Since Sihuan Pharmaceutical Holdings Group has shed HK$465m from its value in the past 7 days, let's see if the longer term decline has been driven by the business' economics.

See our latest analysis for Sihuan Pharmaceutical Holdings Group

Sihuan Pharmaceutical Holdings Group isn't currently profitable, so most analysts would look to revenue growth to get an idea of how fast the underlying business is growing. When a company doesn't make profits, we'd generally hope to see good revenue growth. That's because it's hard to be confident a company will be sustainable if revenue growth is negligible, and it never makes a profit.

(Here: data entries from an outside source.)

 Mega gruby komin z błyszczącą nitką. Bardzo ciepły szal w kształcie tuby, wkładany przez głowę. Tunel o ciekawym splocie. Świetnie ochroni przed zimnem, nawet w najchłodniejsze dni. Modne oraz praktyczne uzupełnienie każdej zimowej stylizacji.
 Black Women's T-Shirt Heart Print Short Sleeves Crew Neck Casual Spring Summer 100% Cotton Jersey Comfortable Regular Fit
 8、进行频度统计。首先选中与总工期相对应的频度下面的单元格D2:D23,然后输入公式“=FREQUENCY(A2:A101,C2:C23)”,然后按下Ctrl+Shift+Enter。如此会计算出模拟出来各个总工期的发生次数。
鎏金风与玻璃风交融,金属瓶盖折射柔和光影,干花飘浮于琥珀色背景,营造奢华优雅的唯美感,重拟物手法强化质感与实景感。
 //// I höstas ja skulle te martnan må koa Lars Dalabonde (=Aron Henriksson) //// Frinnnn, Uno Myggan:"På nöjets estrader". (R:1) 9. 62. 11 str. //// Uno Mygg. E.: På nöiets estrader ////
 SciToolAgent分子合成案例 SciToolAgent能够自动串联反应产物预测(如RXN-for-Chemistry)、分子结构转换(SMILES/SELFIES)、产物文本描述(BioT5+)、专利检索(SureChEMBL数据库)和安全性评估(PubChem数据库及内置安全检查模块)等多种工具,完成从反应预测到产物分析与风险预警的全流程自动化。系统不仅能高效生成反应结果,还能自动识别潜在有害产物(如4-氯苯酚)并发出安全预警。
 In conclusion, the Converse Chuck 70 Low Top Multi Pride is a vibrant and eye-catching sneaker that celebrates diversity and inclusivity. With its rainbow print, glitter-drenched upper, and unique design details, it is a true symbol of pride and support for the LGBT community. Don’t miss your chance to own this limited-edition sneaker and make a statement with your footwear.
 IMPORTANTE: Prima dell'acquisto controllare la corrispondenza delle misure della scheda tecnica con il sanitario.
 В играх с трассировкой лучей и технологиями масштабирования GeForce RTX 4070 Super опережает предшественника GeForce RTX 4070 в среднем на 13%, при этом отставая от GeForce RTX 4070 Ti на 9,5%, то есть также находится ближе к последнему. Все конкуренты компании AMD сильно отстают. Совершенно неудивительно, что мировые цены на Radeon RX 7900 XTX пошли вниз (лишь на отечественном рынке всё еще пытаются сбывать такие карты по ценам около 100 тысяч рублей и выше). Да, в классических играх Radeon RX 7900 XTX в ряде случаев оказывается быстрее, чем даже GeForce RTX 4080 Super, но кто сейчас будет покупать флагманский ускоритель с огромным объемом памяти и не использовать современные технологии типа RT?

In the last three years Sihuan Pharmaceutical Holdings Group saw its revenue shrink by 24% per year. That's definitely a weaker result than most pre-profit companies report. Arguably, the market has responded appropriately to this business performance by sending the share price down 15% (annualized) in the same time period. Bagholders or 'baggies' are people who buy more of a stock as the price collapses. They are then left 'holding the bag' if the shares turn out to be worthless. It could be a while before the company repays long suffering shareholders with share price gains.

You can see below how earnings and revenue have changed over time (discover the exact values by clicking on the image).

earnings-and-revenue-growth
SEHK:460 Earnings and Revenue Growth December 19th 2024

This free interactive report on Sihuan Pharmaceutical Holdings Group's balance sheet strength is a great place to start, if you want to investigate the stock further.

What About Dividends?

As well as measuring the share price return, investors should also consider the total shareholder return (TSR). The TSR incorporates the value of any spin-offs or discounted capital raisings, along with any dividends, based on the assumption that the dividends are reinvested. Arguably, the TSR gives a more comprehensive picture of the return generated by a stock. As it happens, Sihuan Pharmaceutical Holdings Group's TSR for the last 3 years was -40%, which exceeds the share price return mentioned earlier. And there's no prize for guessing that the dividend payments largely explain the divergence!

A Different Perspective

Sihuan Pharmaceutical Holdings Group shareholders gained a total return of 8.8% during the year. But that was short of the market average. On the bright side, that's still a gain, and it's actually better than the average return of 1.8% over half a decade It is possible that returns will improve along with the business fundamentals. It's always interesting to track share price performance over the longer term. But to understand Sihuan Pharmaceutical Holdings Group better, we need to consider many other factors. For example, we've discovered 1 warning sign for Sihuan Pharmaceutical Holdings Group that you should be aware of before investing here.

Of course, you might find a fantastic investment by looking elsewhere. So take a peek at this free list of companies we expect will grow earnings.

Please note, the market returns quoted in this article reflect the market weighted average returns of stocks that currently trade on Hong Kong exchanges.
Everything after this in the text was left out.